Deduplicated list of sphere OCR results.

Source code in src/panoocr/dedup/detection.py
def deduplicate_frames(
    self,
    frames: List[List[SphereOCRResult]],
) -> List[SphereOCRResult]:
    """Deduplicate OCR results across multiple frames using incremental merging.

    Processes frames one by one, maintaining a master list. Each result from
    a new frame is compared against the entire master list.

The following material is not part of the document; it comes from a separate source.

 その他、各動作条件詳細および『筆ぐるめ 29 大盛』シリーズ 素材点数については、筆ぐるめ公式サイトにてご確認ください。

When duplicates
    are found, keeps the result with longer text or higher confidence.

    This approach is slower than pairwise deduplication but handles arbitrary
    perspective arrangements correctly (e.g., multiple pitch levels, custom
    arrangements).

    Args:
        frames: List of frames, each containing a list of OCR results.

    Returns:
        Deduplicated list of sphere OCR results.
    """
    if not frames:
        return []

    # Start with the first frame as the master list
    master_list: List[SphereOCRResult] = list(frames[0])

    # Process each subsequent frame
    for frame_results in frames[1:]:
        for new_result in frame_results:
            # Check for overlaps with existing master list
            duplicate_indices = []

            for i, master_result in enumerate(master_list):
                if self.check_duplication(new_result, master_result):
                    duplicate_indices.append(i)

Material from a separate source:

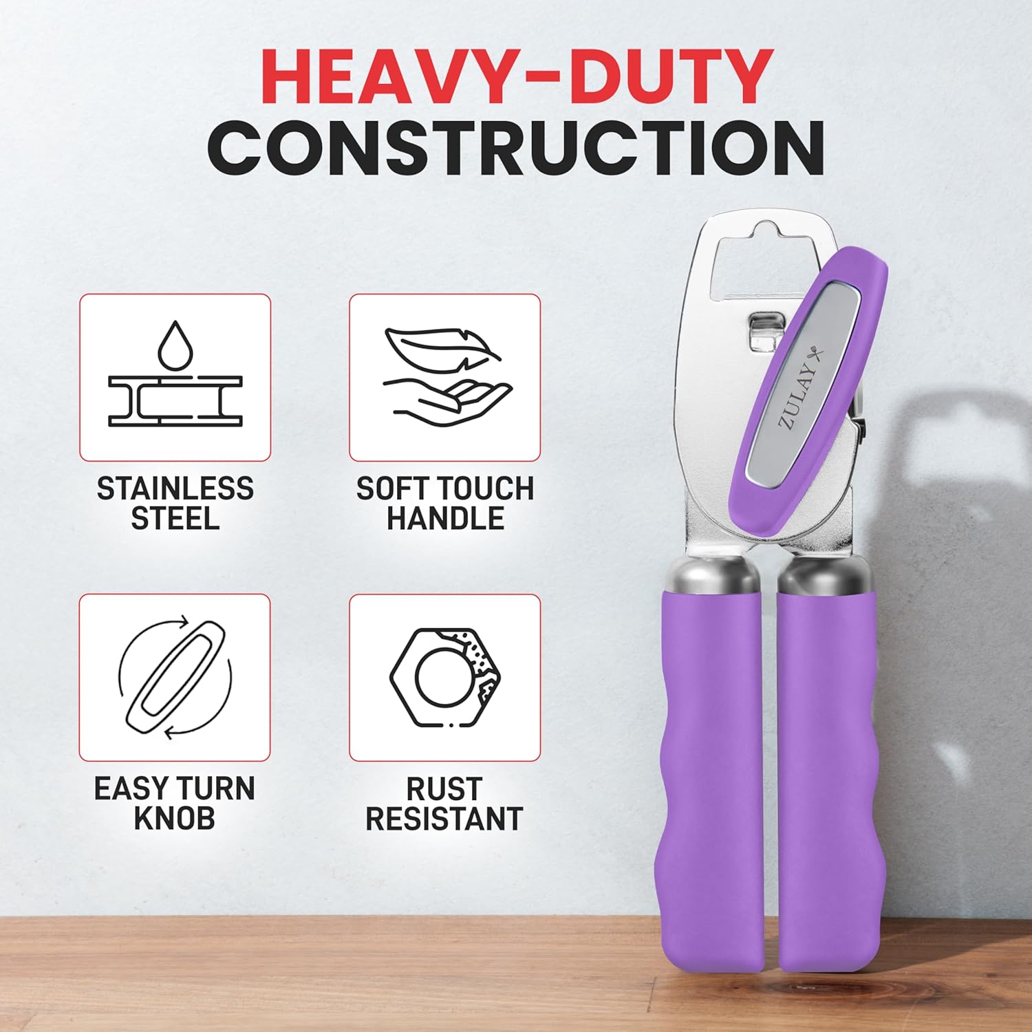 Zulay Kitchen Heavy Duty Stainless Steel Can Opener Manual with Bottle Opener - Rust Proof Manual Can Opener With Turn Knob & Comfy Soft Grip Handles - Purple

            if not duplicate_indices:
                # No duplicates found, add to master list
                master_list.append(new_result)
            else:
                # Found duplicates - select best result among all candidates
                candidates = [new_result] + [
                    master_list[i] for i in duplicate_indices
                ]

                # Find the best result
                best_result = candidates[0]
                for candidate in candidates[1:]:
                    best_result = self._select_best_result(best_result, candidate)

                # Remove all duplicates from master list (in reverse order)
                for i in sorted(duplicate_indices, reverse=True):
                    master_list.pop(i)

                # Add the best result
                master_list.append(best_result)

    return master_list

Data Classes#

RegionIntersection dataclass #

RegionIntersection(region_1_area: float, region_2_area: float, intersection_area: float, intersection_ratio: float)

Result of intersecting two regions.

Attributes:

Name Type Description
region_1_area float

Area of the first region.

region_2_area float

Area of the second region.

intersection_area float

Area of the intersection.

intersection_ratio float

Intersection area divided by minimum region area.